* _Task input_
■ ■ ■
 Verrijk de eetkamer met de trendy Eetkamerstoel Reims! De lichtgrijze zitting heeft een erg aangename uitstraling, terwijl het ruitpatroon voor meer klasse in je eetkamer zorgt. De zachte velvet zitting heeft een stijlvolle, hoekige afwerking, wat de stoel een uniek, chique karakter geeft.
■ ■ ■
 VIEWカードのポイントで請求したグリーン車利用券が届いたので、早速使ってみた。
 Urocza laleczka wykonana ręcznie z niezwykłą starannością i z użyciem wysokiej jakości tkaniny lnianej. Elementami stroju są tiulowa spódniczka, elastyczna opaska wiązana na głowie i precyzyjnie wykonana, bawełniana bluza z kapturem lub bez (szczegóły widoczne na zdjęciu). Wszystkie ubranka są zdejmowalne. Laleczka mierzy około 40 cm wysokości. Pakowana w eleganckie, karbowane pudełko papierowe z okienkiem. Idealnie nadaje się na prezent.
■ ■ ■
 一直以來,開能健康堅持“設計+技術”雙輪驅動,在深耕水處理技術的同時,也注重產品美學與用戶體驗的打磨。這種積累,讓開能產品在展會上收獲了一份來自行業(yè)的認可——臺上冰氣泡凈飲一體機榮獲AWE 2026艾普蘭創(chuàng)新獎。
■ ■ ■
* _What is required_
Looking at the entries above, can you reproduce exactly the lines from the one that holds "VIEWカードのポイントで請" through the one that holds "Urocza laleczka wykonana", and only those?

* _Response_
 VIEWカードのポイントで請求したグリーン車利用券が届いたので、早速使ってみた。
 Urocza laleczka wykonana ręcznie z niezwykłą starannością i z użyciem wysokiej jakości tkaniny lnianej. Elementami stroju są tiulowa spódniczka, elastyczna opaska wiązana na głowie i precyzyjnie wykonana, bawełniana bluza z kapturem lub bez (szczegóły widoczne na zdjęciu). Wszystkie ubranka są zdejmowalne. Laleczka mierzy około 40 cm wysokości. Pakowana w eleganckie, karbowane pudełko papierowe z okienkiem. Idealnie nadaje się na prezent.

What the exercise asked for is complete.